4. Tool Calling: Anchoring Subjective Judgments in Objective Measurements
Judgments on color harmony or copywriting tone can be subjective and sensitive to prompts. A3-Align incorporates three lightweight analytical tools: Hue Analysis, Color Harmony quantification (Hasler index), and DeepSeek-OCR. The model is trained to call these tools within the reasoning chain.

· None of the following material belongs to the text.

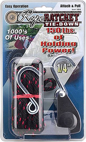 Carolina North 10010 1/4" Rope Ratchet with 8' Solid Braided Polypropylene Rope, 150 lbs Capacity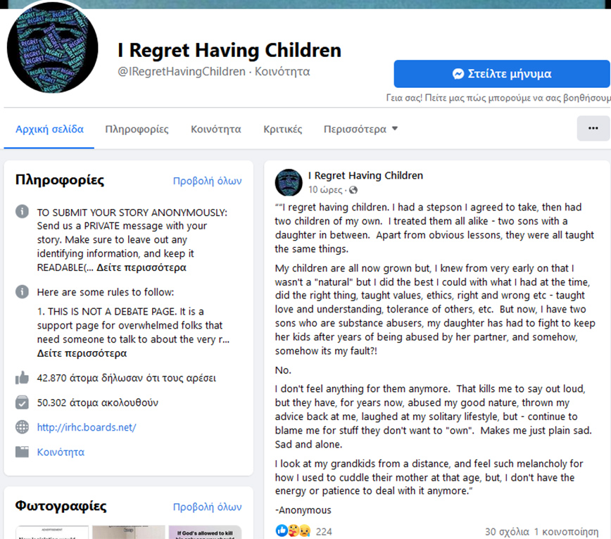 Οι απρόθυμοι γονείς, από όλο τον κόσμο μοιράστηκαν τις ιστορίες τους ανώνυμα σε μια ομάδα στο Facebook με την ονομασία I Regret Having Children.

Crucially, tool outputs serve as auxiliary evidence; the model retains the ability to make a synthesized judgment based on hierarchical rules rather than being mechanically overruled by a tool.
Loss & Training¶
Normalized weighted total reward: \(R_{total} = \frac{\sum_{i \in \mathcal{A}} \alpha_i R_i}{\sum_{i \in \mathcal{A}} \alpha_i}\), where subsets of rewards are activated based on the sample type.
Key Experimental Results¶
Main Results (Accuracy across A3-Bench Rules)¶
| Model | Image Fidelity | Integration Realism | Color Harmonization | Layout Adaptability | Aesthetic SRCC |
|---|---|---|---|---|---|
| Qwen3-VL-8B | 0.454 | 0.491 | 0.444 | 0.472 | 0.564 |
| Gemma-3-27B | 0.648 | 0.574 | 0.583 | 0.694 | 0.677 |
| GPT-4o | - | - | - | - | - |
| A3-Align | Best | Best | Best | Best | Best |
(In the full 10-dimensional evaluation, A3-Align significantly outperforms open-source and closed-source MLLMs across nearly all rules.)

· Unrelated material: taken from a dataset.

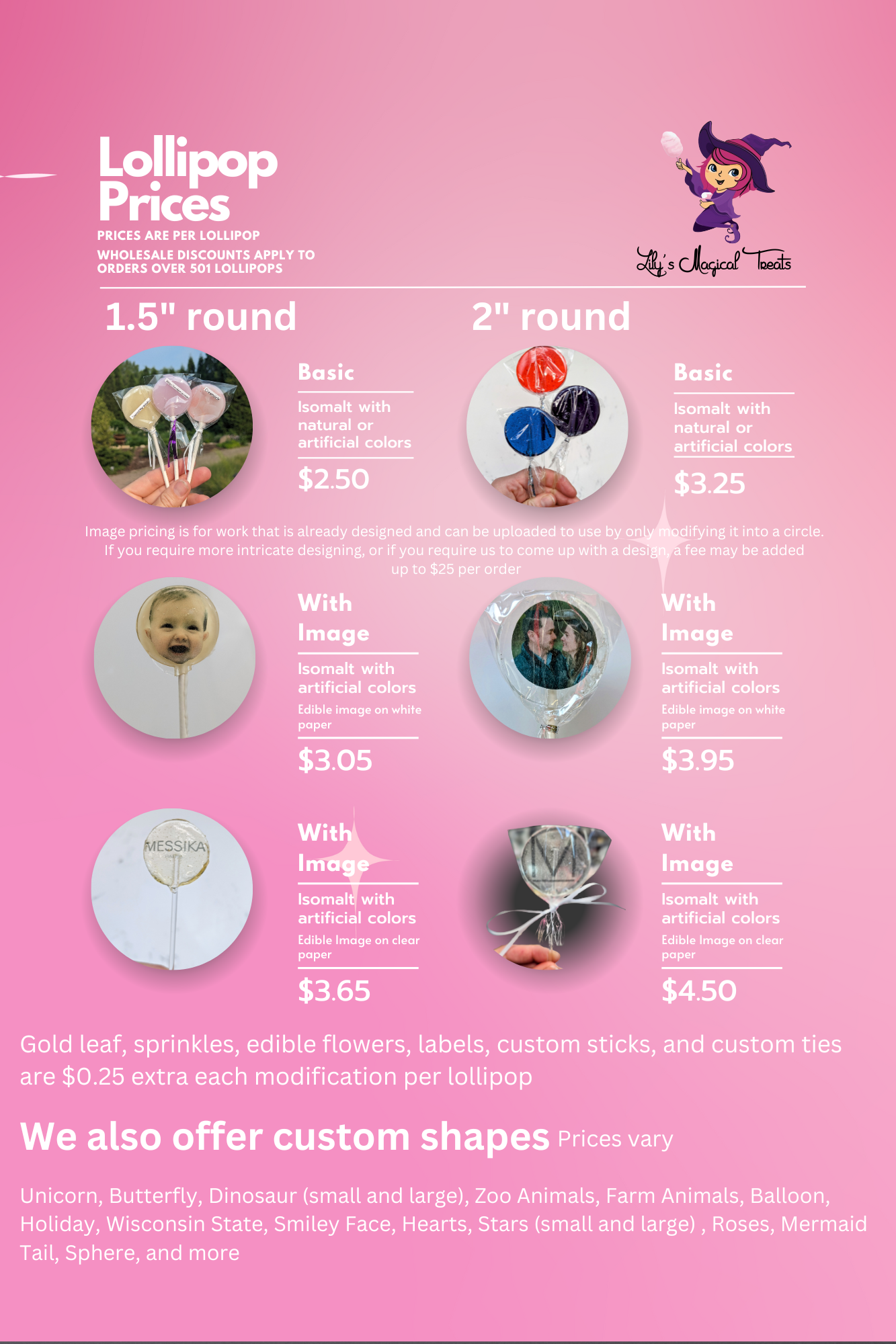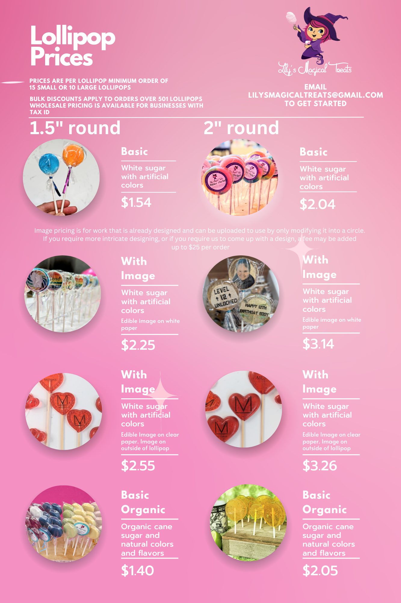 Pricing starts at $1.50 for a 1.5-inch round basic lollipop with a minimum order of 15 or $2 each for 2-inch rounds with a minimum order of 10.

Ablation Study (Training Strategy)¶
| Configuration | Binary Rules Avg Acc | Aesthetic SRCC | Advertising SRCC |
|---|---|---|---|
| SFT Only | Baseline | Baseline | Baseline |
| SFT + GRPO (No Tools) | +Gain | +Gain | +Gain |
| SFT + GRPO (Full) | Best | Best | Best |
Key Findings¶
- Even the strongest closed-source models (e.g., GPT-4o-thinking) perform poorly on A3-Law's hierarchical assessment, proving the necessity of domain alignment.
- Multi-signal rewards in the GRPO stage significantly improve performance across dimensions compared to SFT alone.
- Tool-calling mechanisms provide clear benefits for color and copywriting assessment.
- A3-Align demonstrates high practical value in downstream tasks like advertising selection and diagnostic criticism.
Highlights & Insights¶
- Theory-driven Assessment Framework: Translating AIDA marketing theory into an executable three-stage computational paradigm is an excellent example of engineering cognitive psychology.
- CoT + GRPO Alignment Strategy: Using SFT for structure and GRPO for fine-grained calibration is a valuable reference for any scenario requiring LLM alignment with domain-specific standards.
- Tool-augmented Reasoning: Allowing models to invoke quantitative tools within reasoning chains anchors subjective judgments in objective measurements.
Limitations & Future Work¶
- The Desire Impact stage of A3-Law is currently treated as a culturally universal framework, but advertising aesthetics are highly dependent on cultural contexts.
- Currently, only static images are handled; video and interactive advertising assessment remain unexplored.
- The diversity of the 30K images may be limited in specific vertical categories (e.g., luxury goods, FMCG) which might require finer rules.
- The choice of \(\sigma\) in the Gaussian reward function impacts training stability and precision.
Related Work & Insights¶
- vs. AVA/AADB: Traditional aesthetic datasets provide only single-dimension scores; A3-Dataset provides multi-level, multi-dimensional annotations with CoT.
- vs. General MLLMs: General models lack rule-consciousness in advertising aesthetics; A3-Align achieves domain alignment through specialized data and GRPO.
- Application Inspiration: The three-stage framework of A3-Law can inspire hierarchical assessment designs for other tasks, such as UI design or interior design evaluation.
Rating¶
- Novelty: ⭐⭐⭐⭐ First systematic framework for ad aesthetic assessment.
- Experimental Thoroughness: ⭐⭐⭐⭐ Extensive comparisons, though ablation could be more detailed.
- Writing Quality: ⭐⭐⭐⭐ Clear descriptions, though some details are moved to appendices.
- Value: ⭐⭐⭐⭐ High practical value for the advertising industry.